I'm knee-deep in weather coverage today... I'll try and get with one of you guys tomorrow. We'll see what the bosses have for me first though. LOL


----------



## RUDDER (Feb 5, 2005)

I think alot of these guys have a face for radio


----------



## CRAPPIE LOVER (Feb 11, 2007)

I agree with you Rudder.........:B....Story....JIM....CL...


----------



## Big Daddy (Apr 6, 2004)

That is true... Me included!

On a more serious note... I think it's important to tell these stories to educate people on what is out there. And, in a big picture type of way, I also look at it as reecording "history". I really would like to produce a documentary on ice fishing and talk to a lot of people about it, their experiences, etc. You all have had mentors in your fishing lives, well what if they had shared some of their stories and knowledge with someone like me? What if you could pull out a DVD and see them in front of you once again, talking about the way it used to be? Think about all those people who were awesome fishermen who helped you, the stories... the experience... the help they could pass on. 

I just think it's important to collect and save that information in some way, and (my opinion) the opportunity to share the info should outweigh any fears. 

Being a big, fat, ugly guy, I can say that. I don't like to be in front of the camera either but am working up to it. LOL


----------



## Whaler (Nov 16, 2004)

Good idea !


----------



## Big Daddy (Apr 6, 2004)

I'll be at Mogadore, Congress Lake Rd. ramp parking area at 9:15AM Friday... Show up and I"ll interview you if you want or take some video of you fishing, I'll be there.


----------



## fishin 1st (Dec 23, 2009)

I would like to thank all the old timers for passing it on ! You got a seat in my shanty anytime.


----------



## Big Daddy (Apr 6, 2004)

CHANGE IN PLANS!!!

I won't be at Mogadore.... Just got the call that I am being sent to Wayne County to work on a double homicide story.

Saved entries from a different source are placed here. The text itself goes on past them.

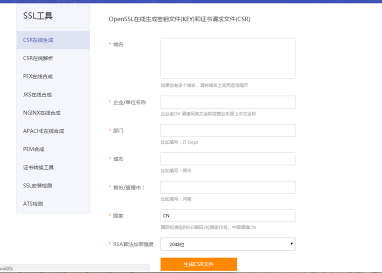 上面是CSR生成地址 生成之后請保存KEY和CSR
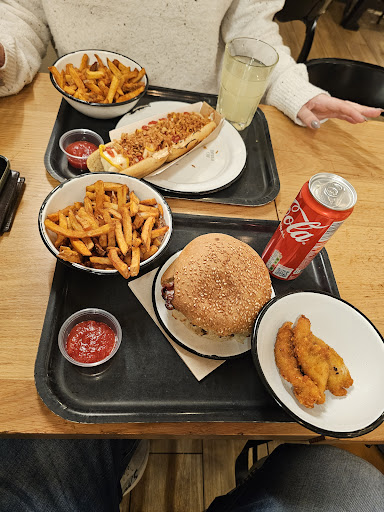 Read moreTrès bonne découverte d'un fast food haut de gamme français. Les produits sont tous frais et fait maison (frites, viande, fromage, pain, sauces...), et ça se sent ! La viande est extrêmement tendre et fond dans la bouche ! Le pain est bien frais, la sauce très onctueuse et accompagne parfaitement le burgé. Une recette spéciale lyonnaise est proposé et c'est gage de produits locaux et de qualité. Cependant le saucisson lyonnais n'apporte malheureusement pas grand chose à mon goût, si ce n'est une nouvelle texture comme du pepperoni. Les frites fraîches avec du paprika sont très bonnes et apportent récemment quelque chose. Ils ont aussi des boissons atypiques et certaines spécifiques à leur enseigne. Le mieux est très convivial et l'équipe du restaurant très à l'écoute et fort sympathique. Leur salle est assez cosy et souvent pleine, c'est pour ça qu'on va souvent devoir s'assoir à côté de gens que l'on ne connait pas ! La seule raison pour laquelle je ne mettrais pas les 5 étoiles est le prix qui est malgré tout un peu trop élevé puisque le burgé ne m'a pas tellement rassasié et était un peu petit , pour un prix de 15€ le menu "little formule" qui aurait été très largement justifie si le burgé avait...
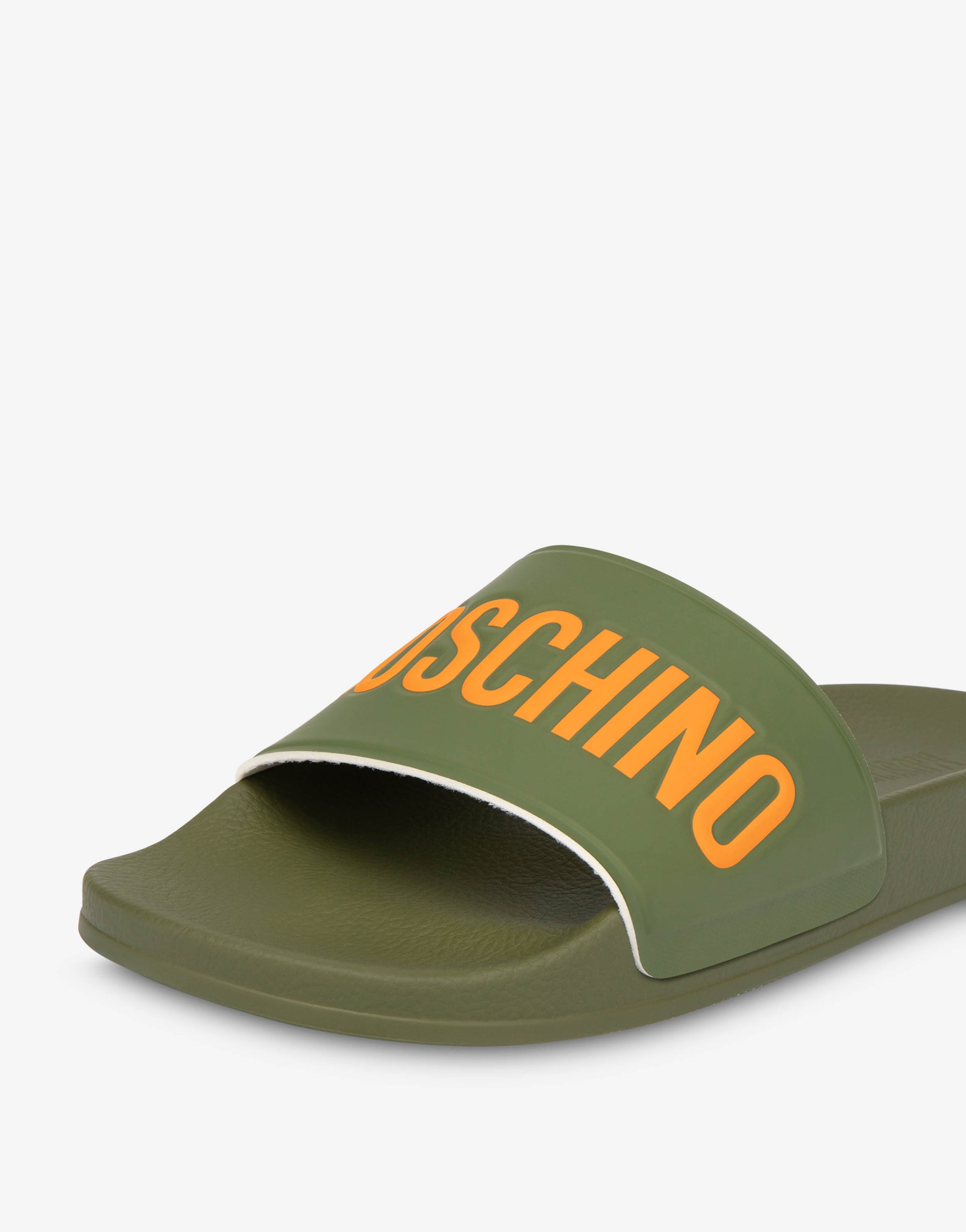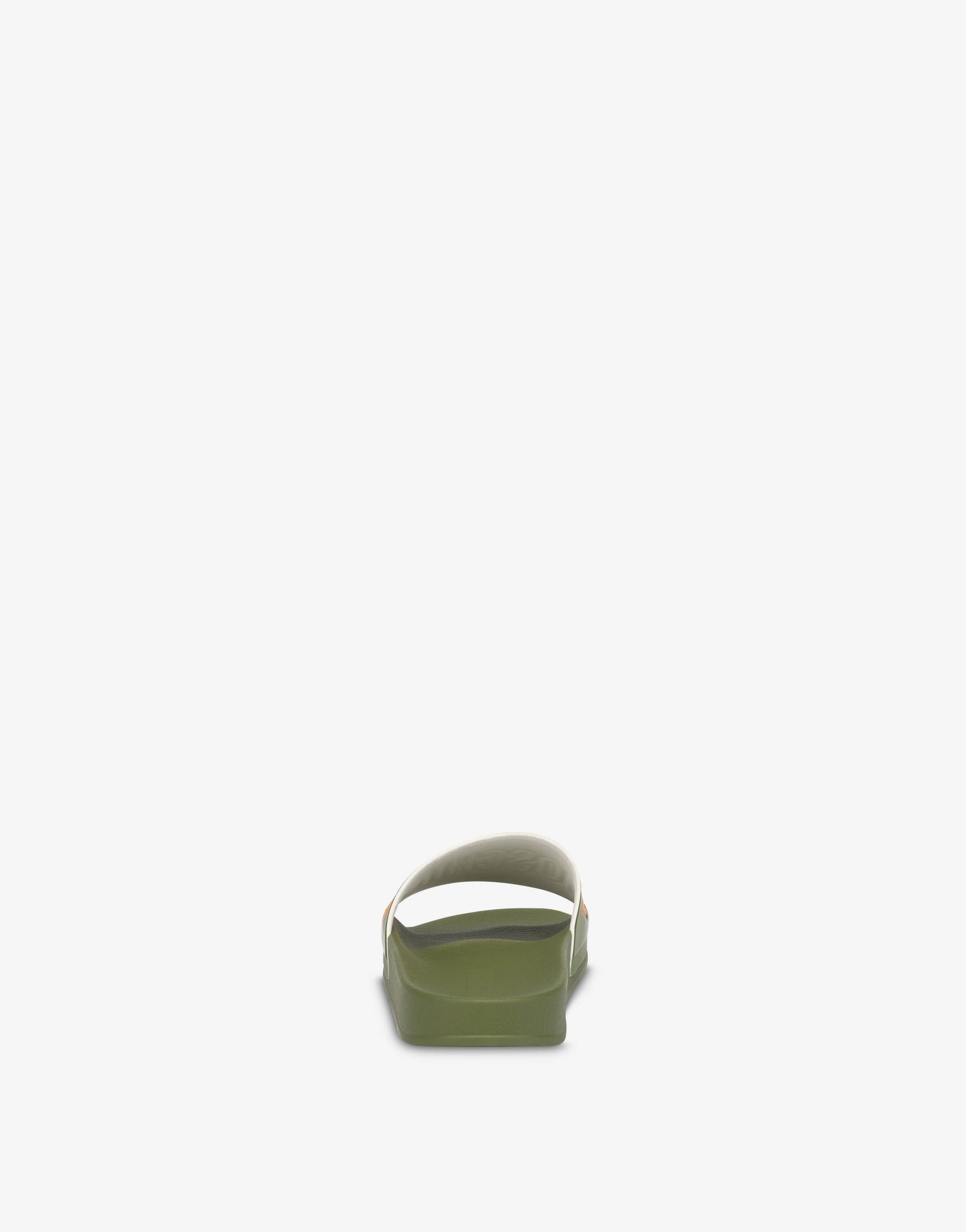 MOSCHINO MILITARY GREEN PVC STRAP SLIDES POOL BEACH UK 9 RRP £110 BRAND NEW
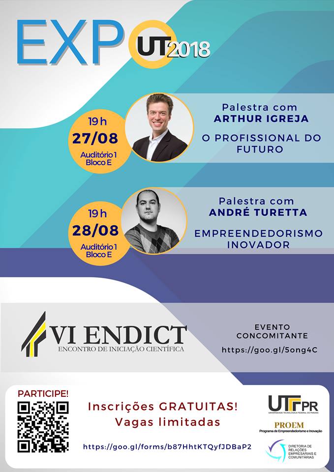 Neste ano, a VI ExpoUT acontecerá nos dias 27, 28 e 29 de agosto e, concomitante ao evento, ocorrerá o VI Encontro de Iniciação Científica (ENDICT), o UTF pelo mundo e o IV Workshop de Empreendedorismo e Inovação.
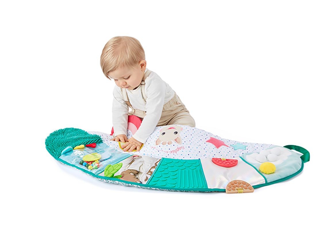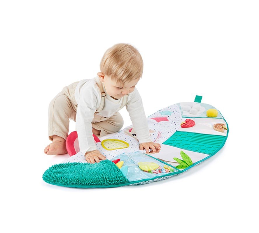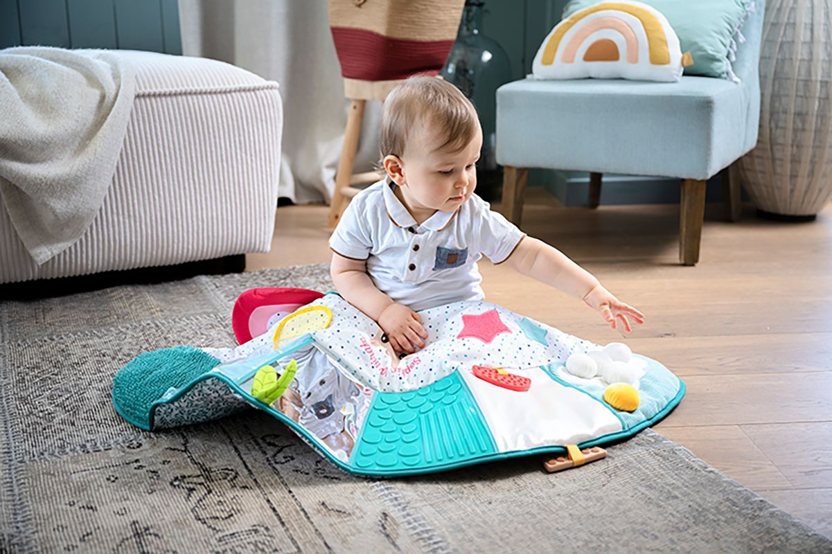 Dieser sensorische Parcours begleitet das Baby bei der Entdeckung des Tastsinns. Eine rutschfeste Matte voller spannender Aktivitäten, die dem Nachwuchs ein reichhaltiges sensorisches Erlebnis bieten. Jede Textur und jedes Muster regt zum Erkunden und Staunen an. Weich, flauschig und mit anregenden Reliefs: jedes Element der Matte wurde sorgfältig ausgewählt, um die sensorische Entwicklung des babys zu bereichern. Dank sseines griifs lässt such die prakztische Spielmatte überallhin mitnehmen. Über 16 verschiedene Texturen laden zum Entdecken ein.

I'd much rather be on the ice, fishing, I mean working. LOL

I hope I got this posted in time.


----------



## Lewzer (Apr 5, 2004)

That was sad when I read that this morning. Old people don't need crap like that. Nobody does.


----------



## CRAPPIE LOVER (Feb 11, 2007)

You are right Mike ..What is more sadder is there own son is the main person of interest, in there deaths...JIM....CL.....


----------



## Big Daddy (Apr 6, 2004)

Very sad story. Shouldn't happen to anyone... I've covered way more than my share of those... My prayers and condolences to the family and community.


----------



## CRAPPIE LOVER (Feb 11, 2007)

Saw another Post ,,did I miss understand ..was your Ice Fishing Show on Sat...I thought it would have been moved as you had to go to Wayne County for another broadcast..And you cancelled your Friday interviews..with Mr. Famous..?????..If it was on Sat maybe you could get them to replay it again...JIM.....CL....


----------



## Alwsfishin (Apr 5, 2004)

Good story Carl !!

http://search.wkyc.com/sp?aff=1100&skin=&keywords=ice%20fishing


----------



## Steelhead Fever (Dec 31, 2009)

where is it?..cant find it


----------



## pymybob (May 28, 2004)

Click the link below and when the new page opens, click on the ice fishing article dated 1/14. Once that page opens, the video clip is in the right hand column above a pic of an ice angler and a herron...


----------



## Steelhead Fever (Dec 31, 2009)

nice Job Mr. Bachtel...I enjoyed it....nice gills to!!


----------



## overcheck (Dec 13, 2010)

Great clip


----------



## quackpot (May 17, 2009)

I enjoyed this post alot. Made me remember my dad and I starting to do this 30 some years ago. Boy did we freeze with those dicky lined coveralls. Using a spoon auger and fishing 2 lines in one hole. Taking my wife to ice fish at alum creek 8 months pregnant. We had to slide down the ice because they lowered the water and the ice fell down to it. I was out of touch on and off for many years. Grandson has renewed my love of the sport. I think the paper needs to print another photo from the event this weekend. A nice group photo showing all ages. Bobby


----------



## Big Daddy (Apr 6, 2004)

That was the story that Jennifer put together... Still working on mine. It was fun shooting two stories at once!


----------



## icebucketjohn (Dec 22, 2005)

Nice job Carl.


----------



## CRAPPIE LOVER (Feb 11, 2007)

Thank You Alwsfishin..I went back and viewed the Clip...Carl you and Jennifer put a good clip togather..Can't wait to see your's...JIM....CL....:F


----------



## JIG (Nov 2, 2004)

Doesnt get any better than that bud. She'll be in the shanny next to ya now.


----------